= Exercise details =
Begin the copy at the line containing "- Level of free convection (m)" in the data below and end it at the line containing "四川成都,前來熟悉高考考場的同學正在觀看考場分布圖。中新社發 黃榮 攝", keeping each line exact and leaving out pictures.

= Data listing =
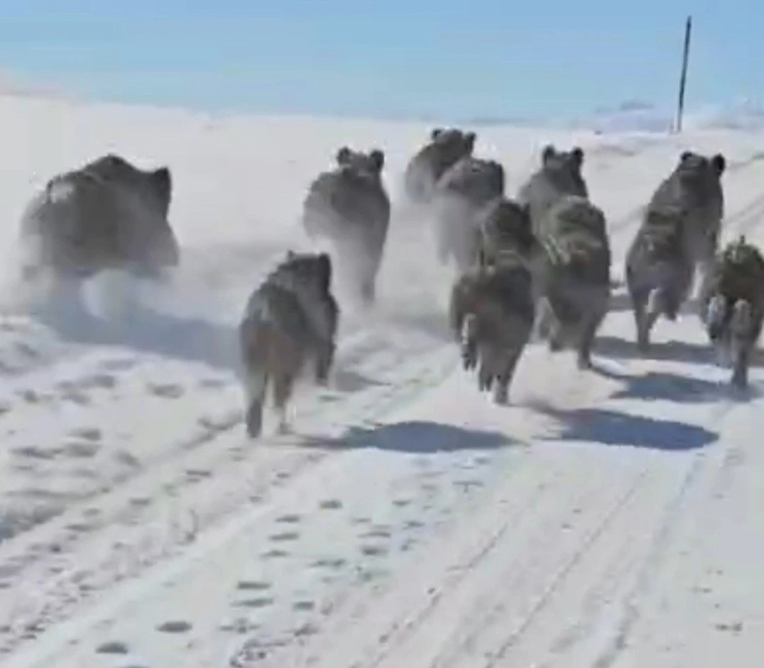 Van’ın başkale ilçesinde sürü halinde yerleşim yerlerine kadar inen yaban domuzları görüntülendi.
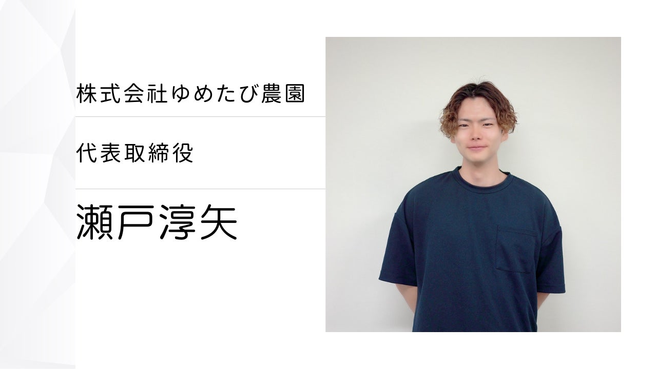 はじめまして。株式会社ゆめたび農園 代表取締役の瀬戸淳矢です。
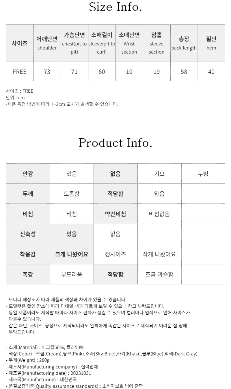 소라, 핑크 / Free 사이즈 착용했습니다^^
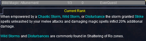 There was a Pre-Release Event in The Wakening Lands. There was an NPC (a cowering raider) who would talk to you about magical storms, but gave no task / quest. In the zone hidden among the many trees, there were four (4) variant 'Magical Storms.' If you stood in one, you would get a song window effect that was a short duration Air, Earth, Fire or Water illusion (depending on which Magical Storm you stood in). Hailing a cowering raider afterwards (with or without an illusion) resulted in the same chat spam. No reward (no achievement, no item, no tile, no XP.... nothing). It has been suggested that a more complete event was planned but was then delegated into 'just flavor' due time constraints. At least it directed Players to one of the gateways for this expansion (the Scarred Grove zone line is in The Wakening Lands) and 'previewed' the new 'magical storms.'
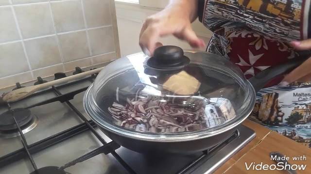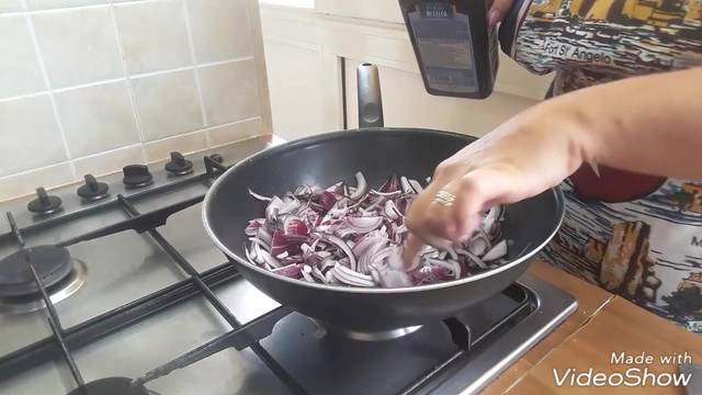 Posteriormente, corta la cebolla y colócala en un sartén antiadherente con un poco de aceite de oliva, azúcar o edulcorante, vinagre, ajusta de sal y añade medio vaso de agua.
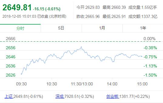 12月5日消息,两市早盘集体低开,随后震荡上行,创业板指盘中一度翻红,午后稍有回落,沿平盘线窄幅震荡。从盘面来看,受市场传言“海南正推动赛马运动”刺激,赛马概念股午间强势崛起,罗牛山(9.410, 0.40, 4.44%)盘中直线拉升封板,午后有所回落,ST板块尾盘走强,超10股涨停,知识产权保护、猪肉、赛马、ST、白酒、海南等板块涨幅居前,园区开发、创投、保险、券商、造纸、物流等板块跌幅居前。截止收盘,沪指报2649.81点,跌幅0.61%,深成指报7928.51点,跌幅0.32%;创指报1381.77点,涨幅0.22%。
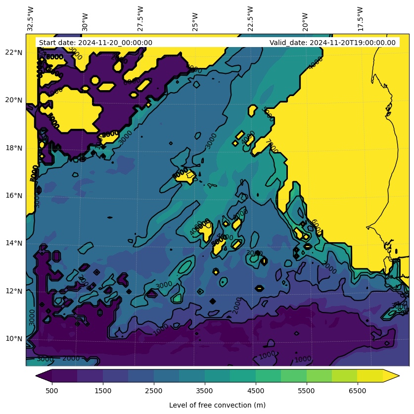 - Level of free convection (m)
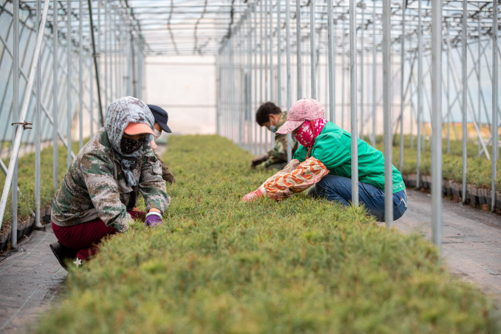 在黑龍江伊春森工集團紅松種苗繁育基地,工作人員在養護輕基質紅松苗(2023年5月20日攝)。新華社記者 張濤 攝
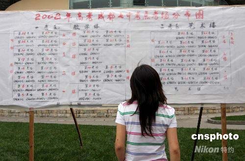 四川成都,前來熟悉高考考場的同學正在觀看考場分布圖。中新社發 黃榮 攝
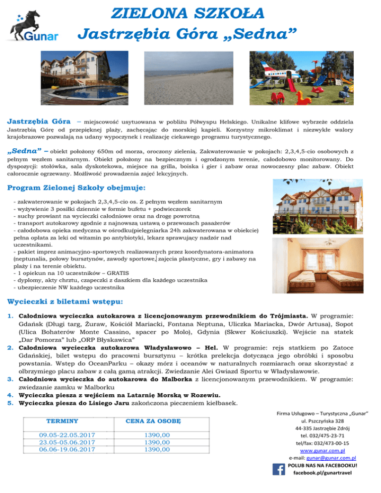 ZIELONA SZKOŁA Jastrzębia Góra „Sedna” Jastrzębia Góra – miejscowość usytuowana w pobliżu Półwyspu Helskiego. Unikalne klifowe wybrzeże oddziela Jastrzębią Górę od przepięknej plaży, zachęcając do morskiej kąpieli. Korzystny mikroklimat i niezwykłe walory krajobrazowe pozwalają na udany wypoczynek i realizację ciekawego programu turystycznego. „Sedna” – obiekt położony 650m od morza, oroczony zielenią. Zakwaterowanie w pokojach: 2,3,4,5-cio osobowych z pełnym węzłem sanitarnym. Obiekt położony na bezpiecznym i ogrodzonym terenie, całodobowo monitorowany. Do dyspozycji: stołówka, sala dyskotekowa, miejsce na grilla, boiska i gier i zabaw oraz nowoczesny plac zabaw. Obiekt całorocznie ogrzewany. Możliwość prowadzenia zajęć lekcyjnych. Program Zielonej Szkoły obejmuje: - zakwaterowanie w pokojach 2,3,4,5-cio os. Z pełnym węzłem sanitarnym - wyżywienie 3 posiłki dziennie w formie bufetu + podwieczorek - suchy prowiant na wycieczki całodniowe oraz na drogę powrotną - transport autokarowy zgodnie z najnowszą ustawą o przewozach pasażerów - całodobowa opieka medyczna w ośrodku(pielęgniarka 24h zakwaterowana w obiekcie) pełna opłata za leki od witamin po antybiotyki, lekarz sprawujący nadzór nad uczestnikami. - pakiet imprez animacyjno-sportowych realizowanych przez koordynatora-animatora (neptunalia, połowy bursztynów, zawody sportowe, zajęcia plastyczne, gry i zabawy na plaży i na terenie obiektu. - 1 opiekun na 10 uczestników – GRATIS - dyplomy, akty chrztu, czapeczki z daszkiem dla każdego uczestnika - ubezpieczenie NW każdego uczestnika Wycieczki z biletami wstępu: 1. Całodniowa wycieczka autokarowa z licencjonowanym przewodnikiem do Trójmiasta. W programie: Gdańsk (Długi targ, Żuraw, Kościół Mariacki, Fontana Neptuna, Uliczka Mariacka, Dwór Artusa), Sopot (Ulica Bohaterów Monte Cassino, spacer po Molo), Gdynia (Skwer Kościuszki). Wejście na statek „Dar Pomorza” lub „ORP Błyskawica” 2. Całodniowa wycieczka autokarowa Władysławowo – Hel. W programie: rejs statkiem po Zatoce Gdańskiej, bilet wstępu do pracowni bursztynu – krótka prelekcja dotycząca jego obróbki i sposobu powstania. Wstęp do OceanParku – okazy mórz i oceanów w naturalnych rozmiarach oraz skorzystać z olbrzymiego placu zabaw z całą gamą atrakcji. Zwiedzanie Alei Gwiazd Sportu w Władysławowie. 3. Całodniowa wycieczka do autokarowa do Malborka z licencjonowanym przewodnikiem. W programie: zwiedzanie zamku w Malborku 4. Wycieczka piesza z wejściem na Latarnię Morską w Rozewiu. 5. Wycieczka piesza do Lisiego Jaru zakończona pieczeniem kiełbasek. TERMINY 09.05-22.05.2017 23.05-05.06.2017 06.06-19.06.2017 CENA ZA OSOBĘ 1390,00 1390,00 1390,00 Firma Usługowo – Turystyczna „Gunar” ul. Pszczyńska 328 44-335 Jastrzębie Zdrój tel. 032/475-23-71 tel/fax: 032/473-00-15 www.gunar.com.pl e-mail: [email protected] POLUB NAS NA FACEBOOKU! facebook.pl/gunartravel
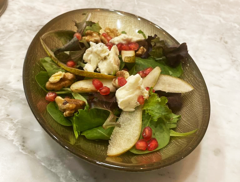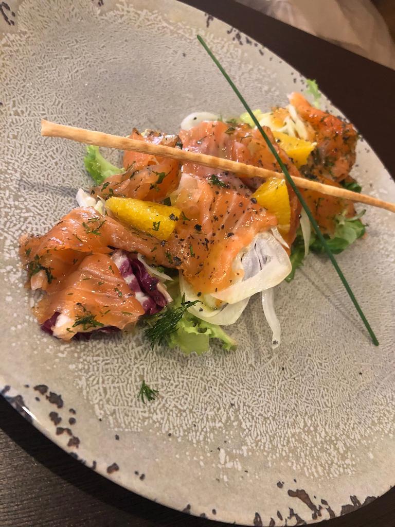 Carpaccio de salmón marinado hinojo silvestre y mezclum de lechuga y pan italiano
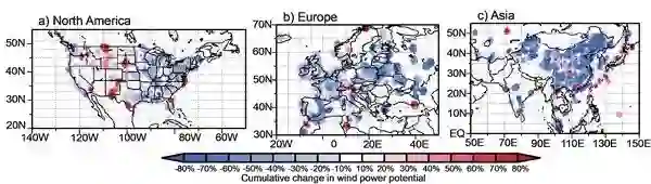 图1. 风能资源累积变化分布。a)北美洲,b)欧洲和c)亚洲1979年至2016年风能累积变化。
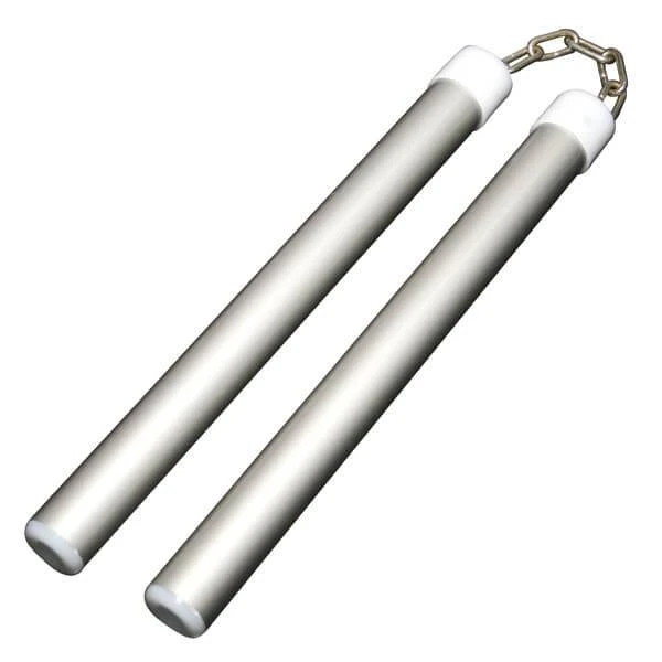Light weight 11″ nunchaku made of aluminum. Silver Color Only
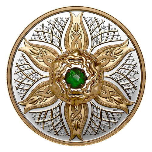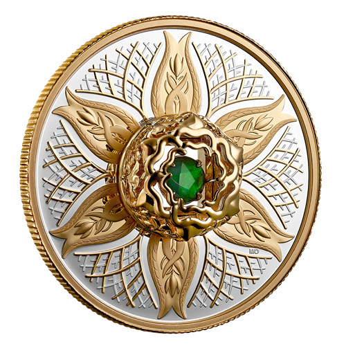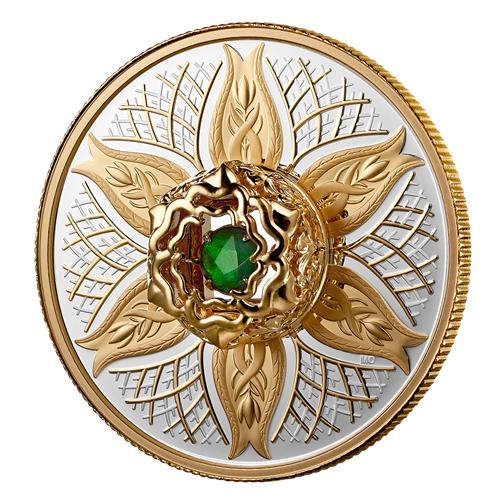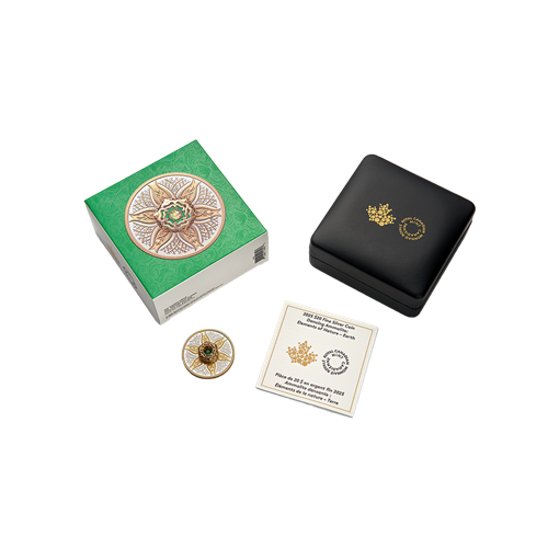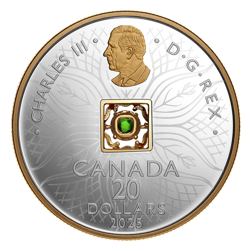 Enhanced with selective gold plating, the reverse design by Canadian artist Mariya Olshevska is a representation of the Earth element in nature. A spring blossom contained within a bulb-like shape symbolizes nature’s cyclical renewal; as a repeating motif, it forms the petals of a larger flower shape, while the overlapping arrangement of tree branches and roots is representative of steadfast growth. At the centre, a standard grade ammolite that has been ethically sourced from Alberta’s Bearpaw Geological Formation is set in a 3D mount fashioned by Canadian jewellery manufacturer Beverly Hills Jewellers; the gold-plated setting allows the suspended gemstone to “dance” at the slightest movement of the coin base. The obverse features a stylized version of the engraved reverse, as well as the gold-plated effigy of His Majesty King Charles III by Canadian artist Steven Rosati.

= Task answer =
 - Level of free convection (m)
 在黑龍江伊春森工集團紅松種苗繁育基地,工作人員在養護輕基質紅松苗(2023年5月20日攝)。新華社記者 張濤 攝
 四川成都,前來熟悉高考考場的同學正在觀看考場分布圖。中新社發 黃榮 攝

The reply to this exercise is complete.